On the other hand, if I were to change the terminology to ‘government ownership’ or even the heresy of ‘nationalisation’, then there is often a collective sucking in of breath. In the UK, we have lived with a history of nationalisation and government investment, but sadly, have often wasted the opportunity of establishing our own wealth fund for future value. We only need to go back to the history of the coal and steel industries, here. The news flow was all too often universally bad, as these industries staggered on for years with varying levels of support. Yet after WW2, that was exactly where the origins of the EU were, with the establishment of the European Coal and Steel Community in 1951 under the Treaty of Paris designed to rebuild these strategic industries after their decimation in the War.
For strategic infrastructure, such support is usually seen as fundamental, but it is the day to day operation and interference of such state supported enterprises that is probably where the key controversy lies. In the UK during the 1980’s, we had the controversial privatisation programmes, some of which proved both popular and successful, but others like the railways, were seen as a mess. In fact, the railways were privatised faster than most of the trains, leaving a ‘buggers’ muddle of operators, equipment lessors and track ownership.

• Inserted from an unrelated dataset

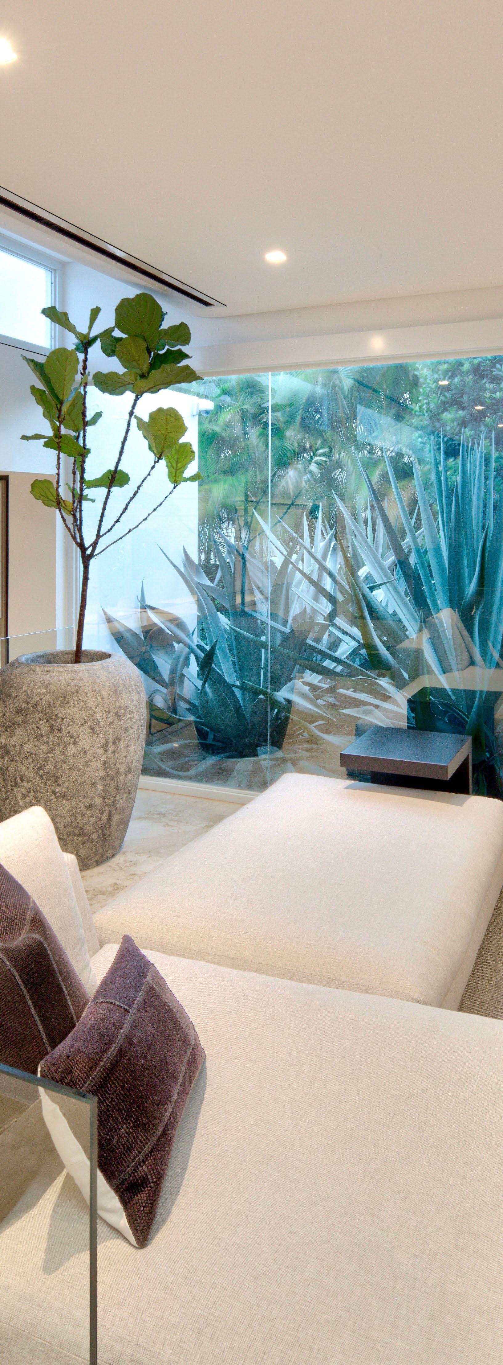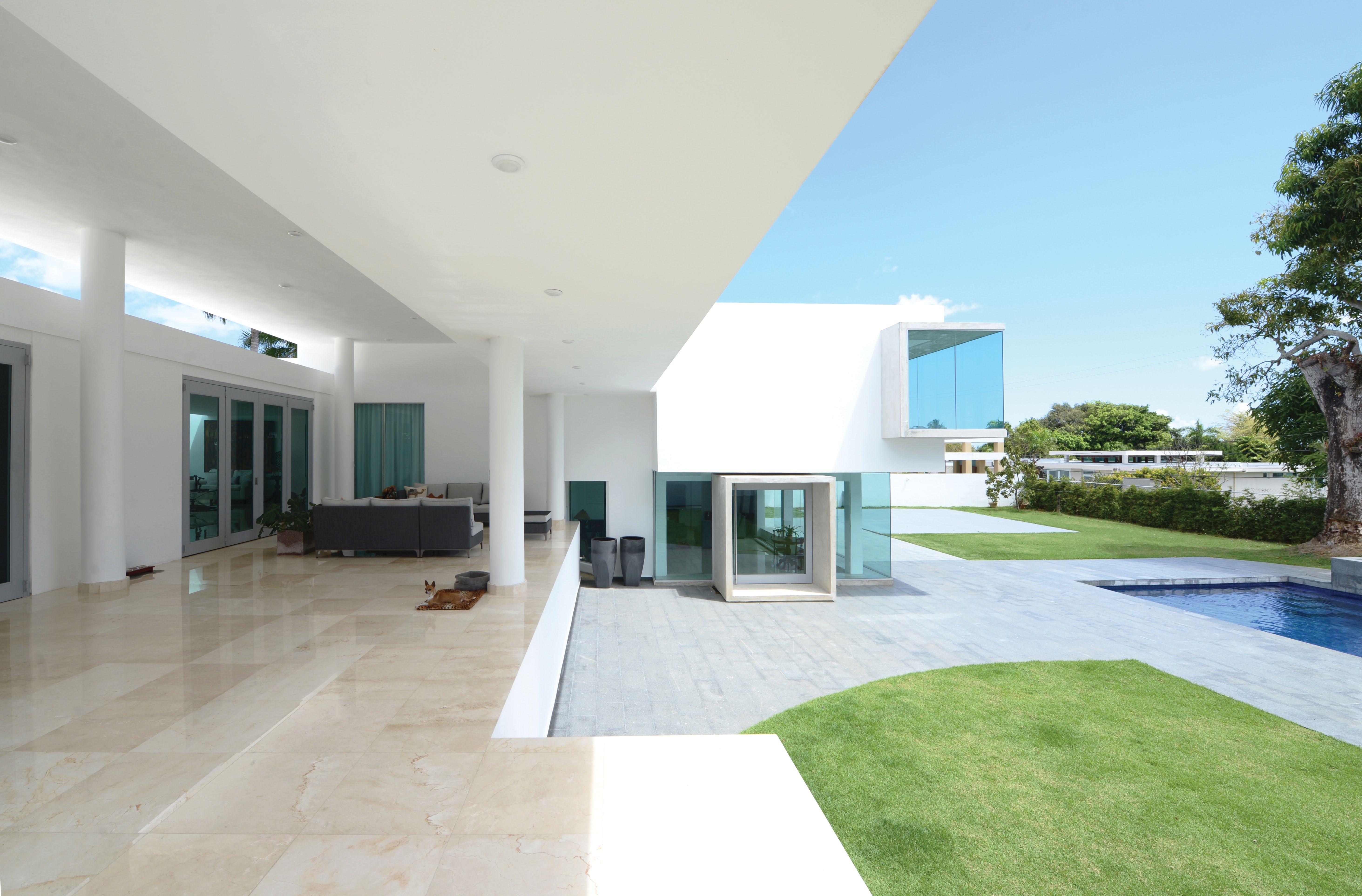 Miami-based Architect Max Strang, FAIA, of design studio Strang Design respects the environment through architecture and interior design. He highlights the use of travertine marble in the interior and exterior floor coverings, as well as teak slatted ceilings and walls to integrate texture and warmth. He also incorporates strong natural materials like rough-cut Jerusalem tiles for the exterior walls, exposed concrete decking, and teak millwork accents throughout the home. In addition, he paid a lot of attention to landscaping.

Now, for those of us who remember British Rail, it was awful, and not just the curling sandwiches, but frankly that was hardly surprising given the starvation diet of government investment over the decades. When the privatisation was announced, I recall the Treasury deciding upon the establishment of the three (trains, carriages, and wagons) equipment leasing companies- Why? Because, three gave you competition. That could have been true except that one focused on intercity trains, the second freight and the final one, all the local and commuter trains- brilliant- thus, creating three monopolies that could charge almost what they wished- and they did!
With the banking crisis in 2008, we had howls that we were bailing out the banks and as taxpayers, we owned a large chunk of Lloyds/TSB and the majority of RBS. Now at the time, it was obvious that not only was this necessary, whether you liked it or not, as a banking system is a vital part of the blood flow of a capitalist economy, but given enough time, good management and a recovering economy, we could get our money back and even make a profit on it. We still own 62% of RBS and only just sold out our final part of the 43% of Lloyds in 2017.

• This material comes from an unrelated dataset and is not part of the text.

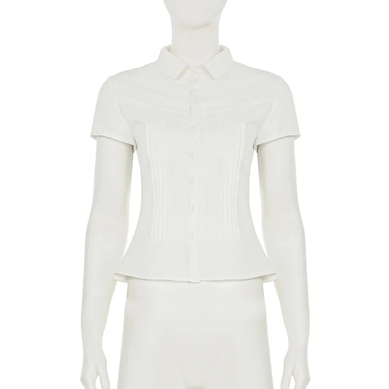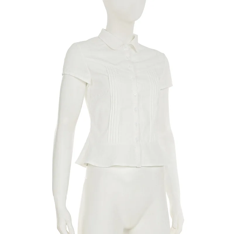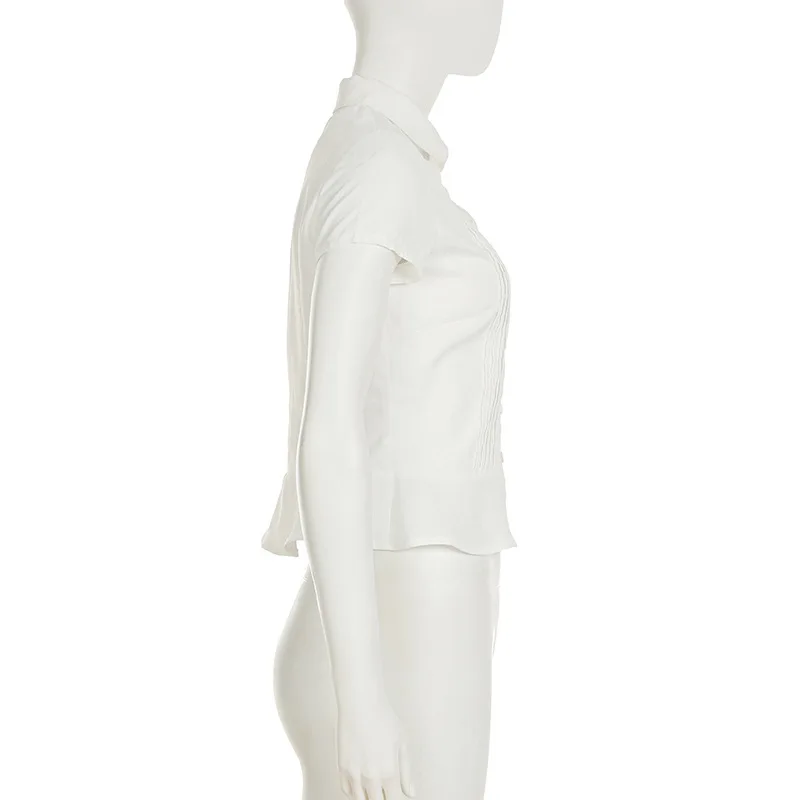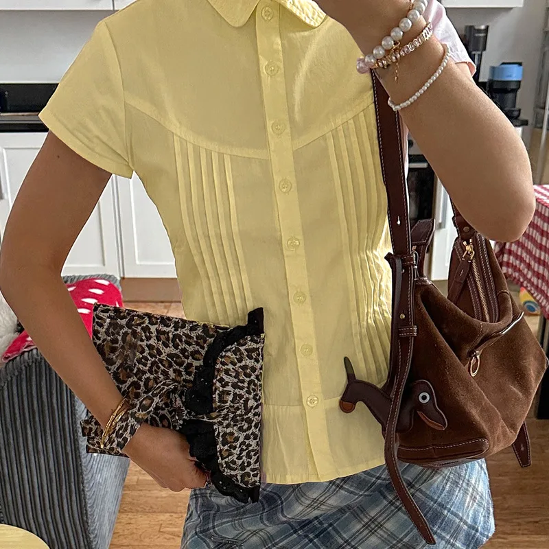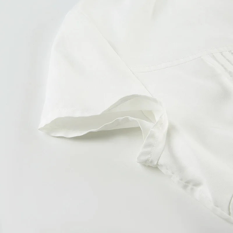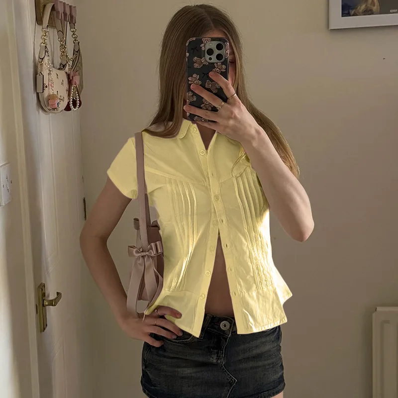 KYLETHOMASW - Solid Color Professional Women's Shirt Spring 2025 New V-Neck Pleated Girlish Age-Reducing Base Shirt Short Sleeve T-Shirt

So why should we bother about this now? After the lockdown, we are going to see a significant queue of key corporates asking for support and handouts. Thus, are we going to see a programme of renationalisation, albeit in part? Or are we going to see the UK build up a portfolio of investments in national assets in both corporate but also infrastructure as well? A sort of Sovereign Wealth Fund or Portfolio of National Assets?
This is a question of government behaviour- are we going to be seeing these as investments, or as governments now feeling that they can manage/mismanage companies’ operations, investments and development? The answer is clear- no. Politicians have bad enough trouble running the country, and they have almost a universal reputation for mismanaging government invested businesses and projects!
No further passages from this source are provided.